The above code extracts product data from crawled paginated links and exports them to a products.csv file, as shown below:

scrapingcourse ecommerce product output csv
Click to open the image in full screen

Congratulations 🎉! You've built a web crawler that extracts specific information using Axios and Cheerio in Node.js. 

Don't stop here! Your crawler still needs some more improvements.

Optimize Your Web Crawler

While your current JavaScript web crawler follows links and applies depth limits to scrape data from selected pages, it still requires a few optimizations to boost efficiency. You'll learn them in this section.

Avoid Duplicate Links

Although your spider checks if the queued URL is listed in the urlsToVisit before crawling, this approach may not catch minor formatting details such as slashes or case sensitivity in similar URLs.

For instance, https://www.scrapingcourse.com and https://www.scrapingcourse.com/ point to the same web page, but the latter has a trailing slash. The current crawling logic doesn't use this detail to filter the queued URLs, resulting in potential duplication.

To handle duplicates effectively, you'll track each crawled link with a Set and normalize the current URLs to remove trailing slashes before they're crawled.

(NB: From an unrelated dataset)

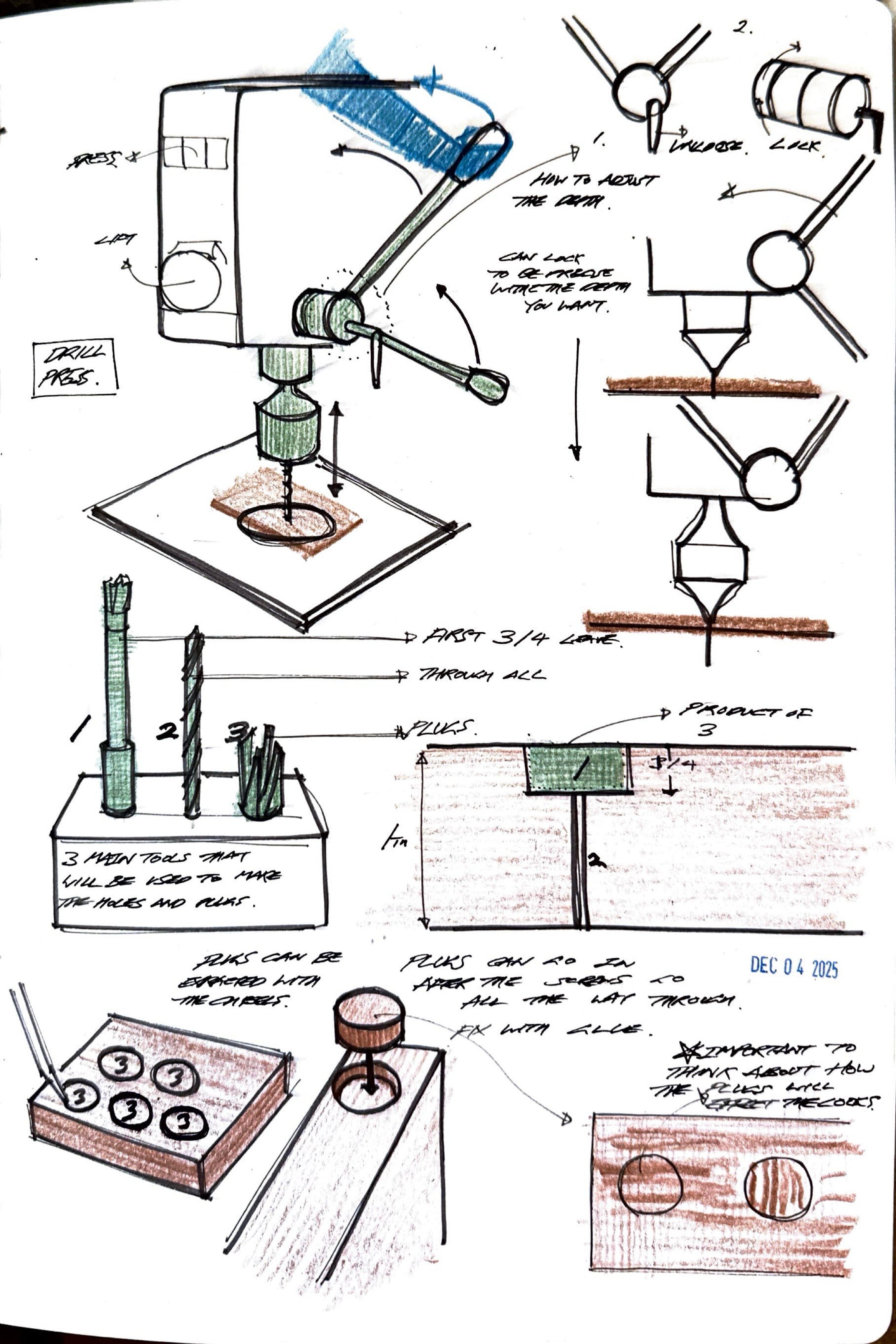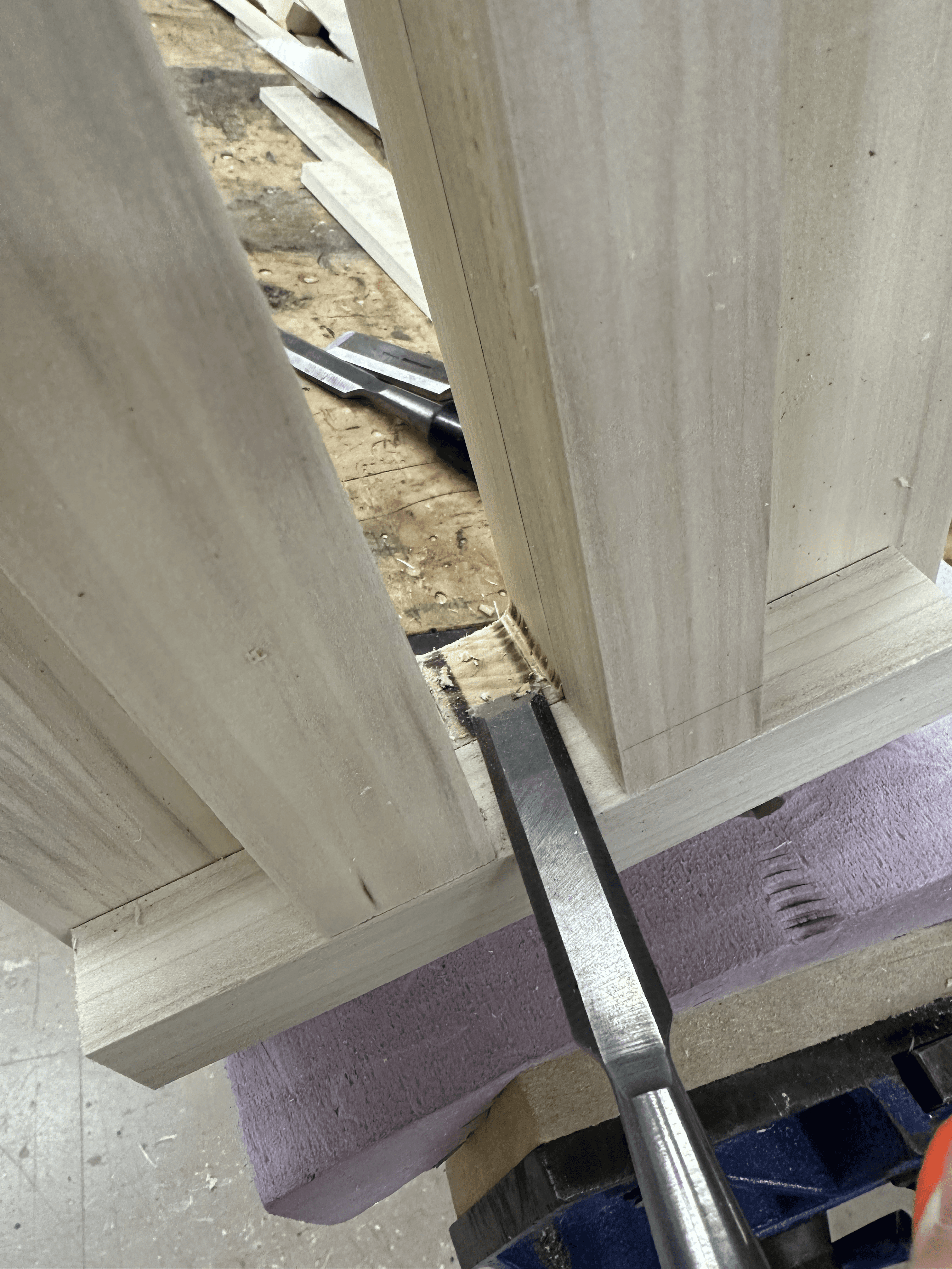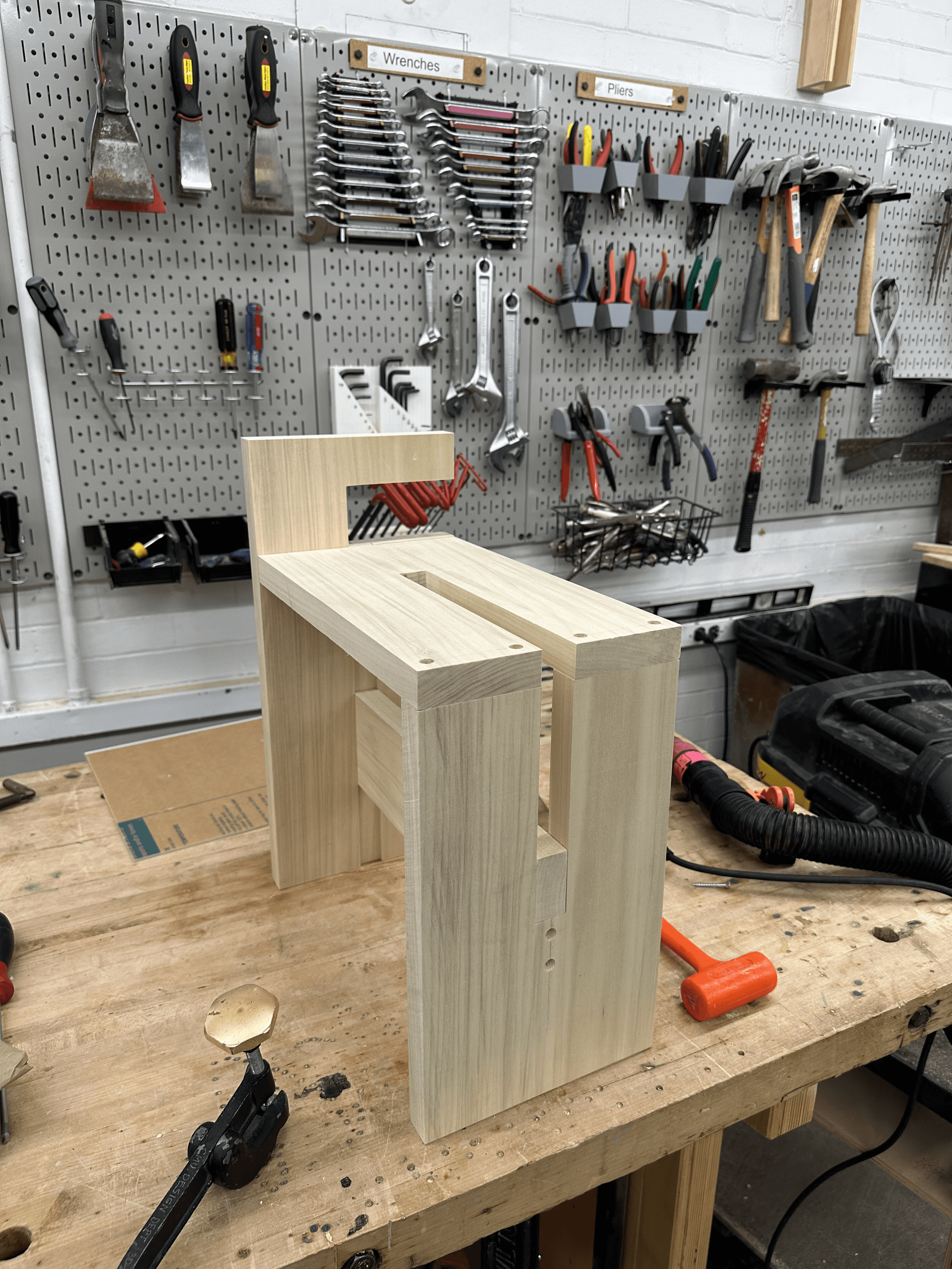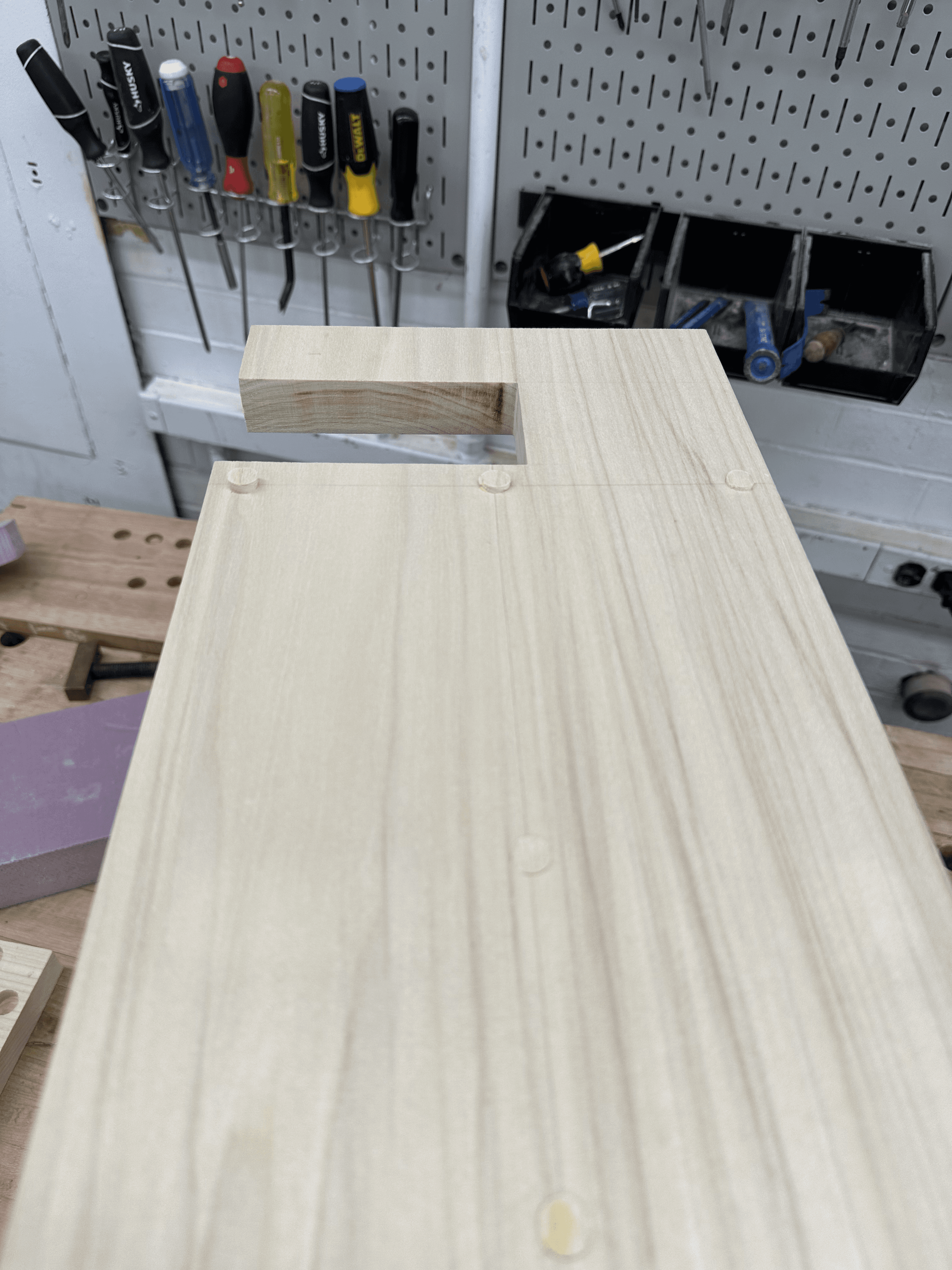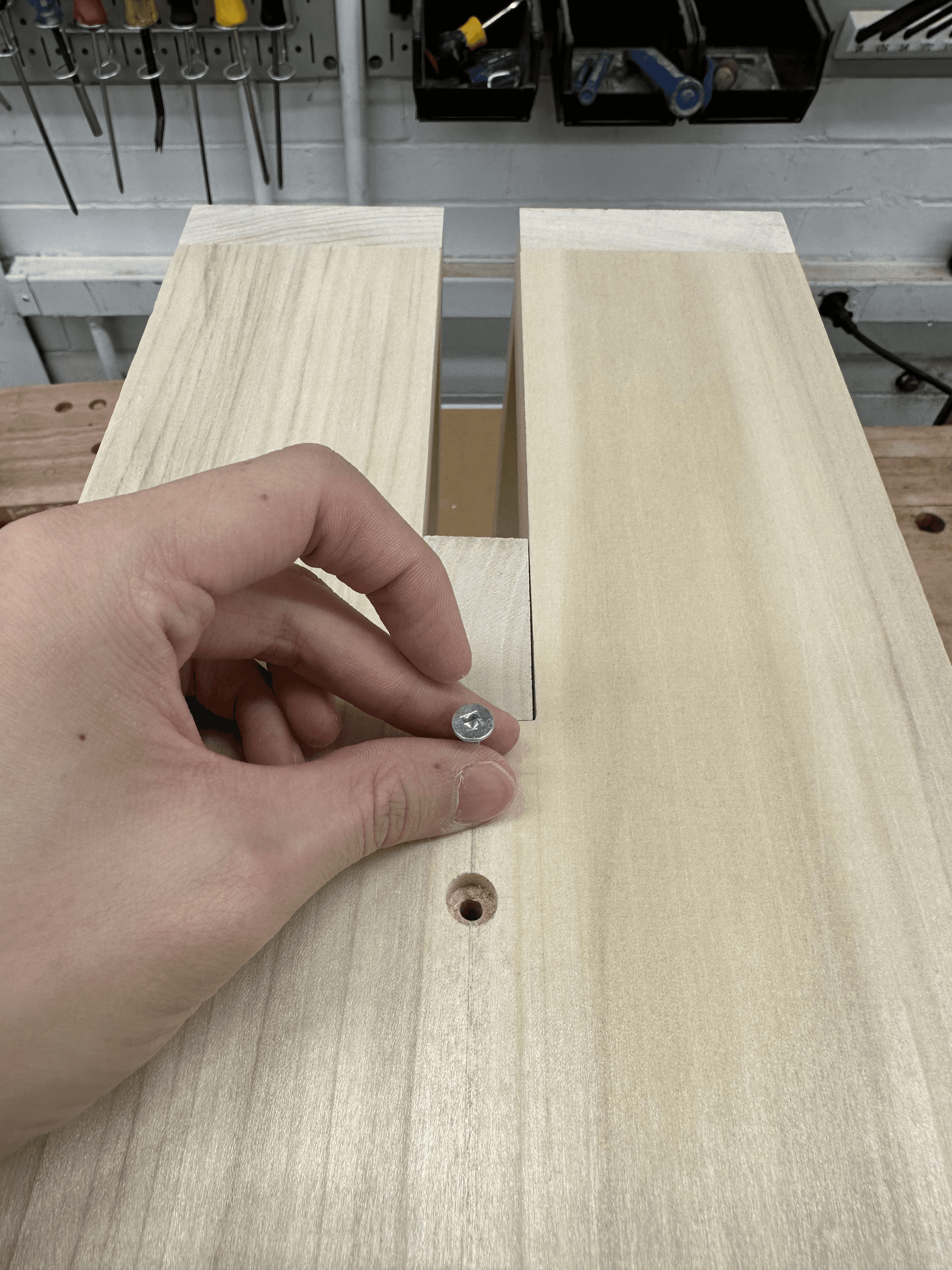 I used chisels to refine areas the router could not reach, ensuring that all corners remained sharp and precisely at 90 degrees. Using a drill press, I then created accurately aligned holes for screws, along with corresponding plug holes to conceal the fasteners and maintain a clean geometric finish.

First, create a normalizeUrl function to convert the crawled URLs into standardized lowercase formats, remove any trailing slashes, and handle relative URLs using the base URL (the target URL):

crawler.js
// ...

const normalizeUrl = (url, baseUrl) => {
    try {
        // create a URL object and use baseUrl for relative URLs
        const normalized = new URL(url, baseUrl);

        // remove trailing slash from the pathname, if present
        if (normalized.pathname.endsWith('/')) {
            normalized.pathname = normalized.pathname.slice(0, -1);
        }

        // return the normalized URL as a lowercase string
        return normalized.href.toLowerCase();
    } catch (e) {
        console.error(`Invalid URL: ${url}`);
        return null;
    }
};

Now, create a new visitedUrls Set object to allow the crawler to track unique URLs.

crawler.js
// ...

// track visited URLs with a set
const visitedUrls = new Set();

Replace the previous crawl counter (crawlCount) with the Set object to ensure you only count the crawl length by the number of unique URLs. The new for loop logic looks like this:

crawler.js
// ...

// define a crawler function
const crawler = async () => {
    // ...
    for (; urlsToVisit.length > 0 && visitedUrls.size < maxCrawlLength;) {

        // ... other crawling logic
    }

    // ... csv export logic
};

Improve the crawler function to normalize the current URL using the normalizeUrl function and update the visitedUrls with the normalized URLs:

crawler.js
// ...

// define a crawler function
const crawler = async () => {
    // ...
    for (; urlsToVisit.length > 0 && visitedUrls.size < maxCrawlLength;) {
        // ...
        // normalize the URLs to an absolute path
        const normalizedUrl = normalizeUrl(currentUrl, targetUrl);
        if (!normalizedUrl || visitedUrls.has(normalizedUrl)) continue;

        // update the visited URLs set
        visitedUrls.add(normalizedUrl);

        // ... other crawling logic
    }
    // ... csv export logic
};

Request the normalized URL instead of the current URL. Replace the previous relative path logic with the normalizeUrl function execution (absoluteUrl). Then, update the crawling logic to check for unique URLs and only scrape product data if the page pattern matches the absolute URLs:

crawler.js
// ...
// define a crawler function
const crawler = async () => {
    // ...
    for (; urlsToVisit.length > 0 && visitedUrls.size < maxCrawlLength;) {
        // ...

        try {
            // request the target website
            const response = await axios.get(normalizedUrl);
            // ...

            // find all links on the page
            // ...
            linkElements.each((index, element) => {
                // ...
                // normalize the URLs as they're crawled
                const absoluteUrl = normalizeUrl(url, targetUrl);

                // follow links within the target website
                if (
                    absoluteUrl &&
                    absoluteUrl.startsWith(targetUrl) &&
                    !visitedUrls.has(absoluteUrl) &&
                    !urlsToVisit.includes(absoluteUrl)
                ) {
                    // update the URLs to visit
                    urlsToVisit.push(absoluteUrl);
                }
            });

            // extract product information from product pages only
            if (pagePattern.test(normalizedUrl)) {
                // ... scraping logic
            }
        } catch (error) {
            // ... error handling
        }
    }
    // ... csv export logic
};

Let's also set queue priorities appropriately. 

Prioritize Specific Pages

Prioritizing specific URLs in the crawl queue ensures your crawler visits those URLs before others in the crawl queue. 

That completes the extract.